— Try it —
When you reach the line with "La única victoria", transcribe it and each line after it through the last one below, exactly. Pictures stay out.

— Provided data —

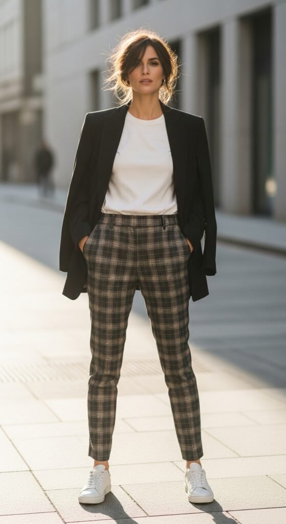 Different from the oversized blazer vibe, this is about sharp, tailored precision. A fitted blazer in a solid color (black, navy, camel) paired with tartan trousers creates a look that’s polished and professional but still has personality.
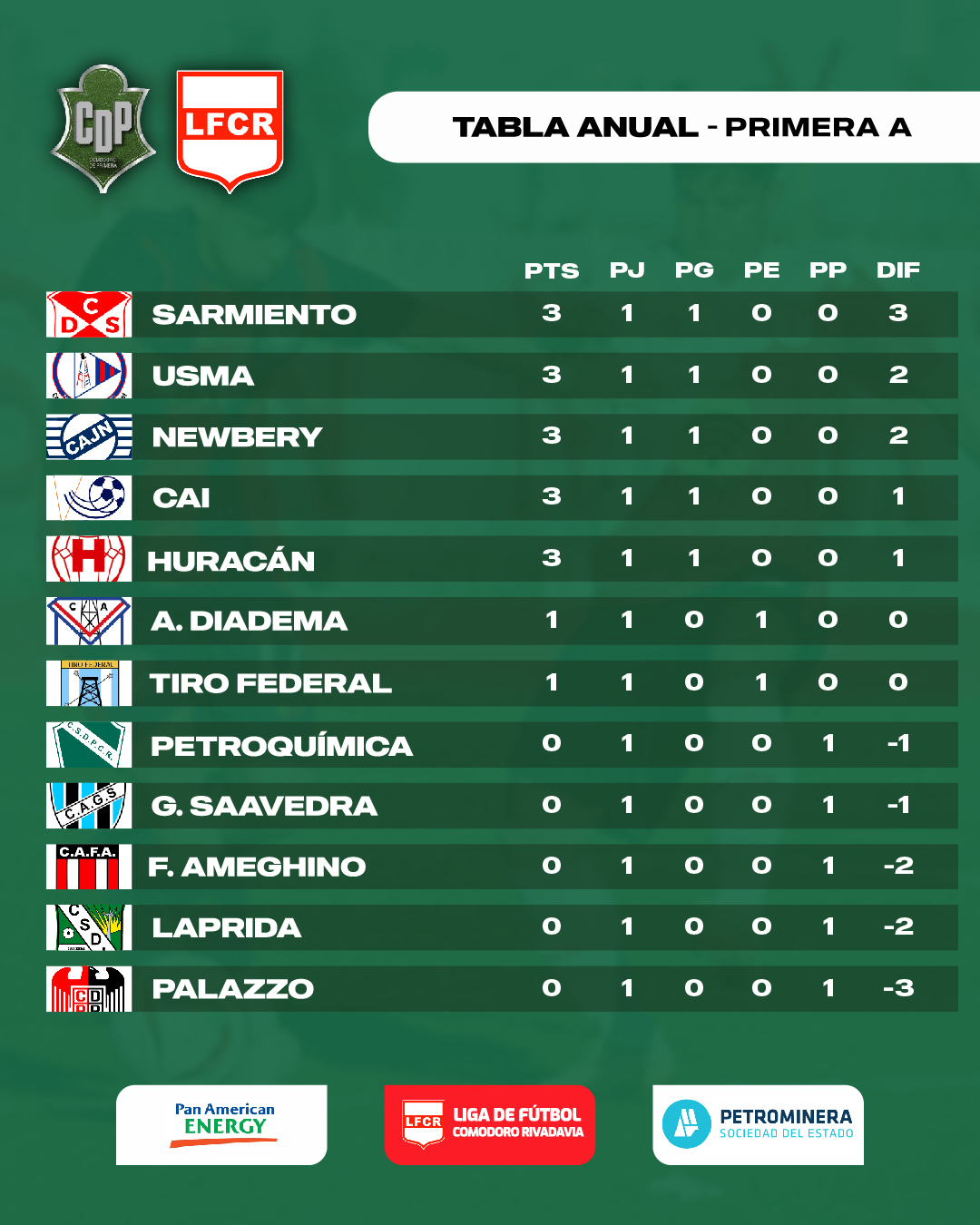 La única victoria de local se dio en en el Pampa Zaldúa de Sarmiento, el ‘Depo’ goleó 3-0 a Próspero Palazzo, el último subcampeón del fútbol comodorense mostró un sólido arranque. Los goles fueron de Rafael Albistur, Lautaro Fanjul y Ezequiel Urbina
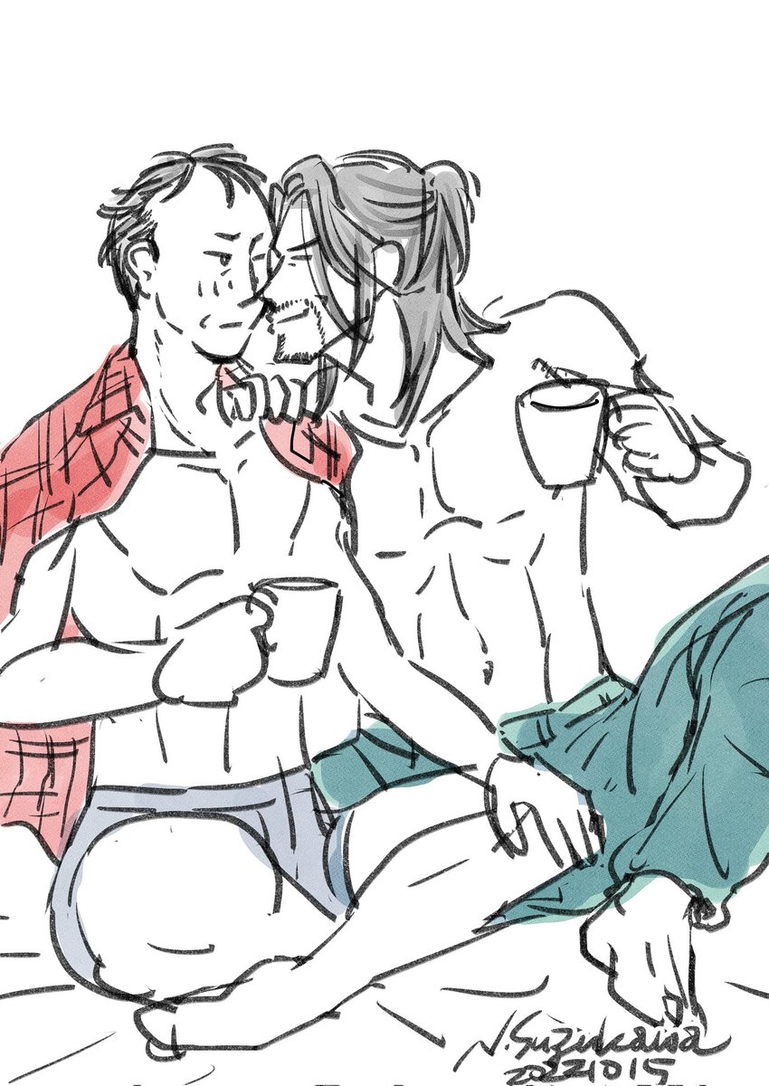 #今月描いた絵を晒そう ほぼほぼえざうしらくがき 他人からみたらロン毛の髭面とM字ハゲメガネというキッツイ絵面でも、関係性に萌えちゃったんだからしゃーない😹

— Response area —
 La única victoria de local se dio en en el Pampa Zaldúa de Sarmiento, el ‘Depo’ goleó 3-0 a Próspero Palazzo, el último subcampeón del fútbol comodorense mostró un sólido arranque. Los goles fueron de Rafael Albistur, Lautaro Fanjul y Ezequiel Urbina
 #今月描いた絵を晒そう ほぼほぼえざうしらくがき 他人からみたらロン毛の髭面とM字ハゲメガネというキッツイ絵面でも、関係性に萌えちゃったんだからしゃーない😹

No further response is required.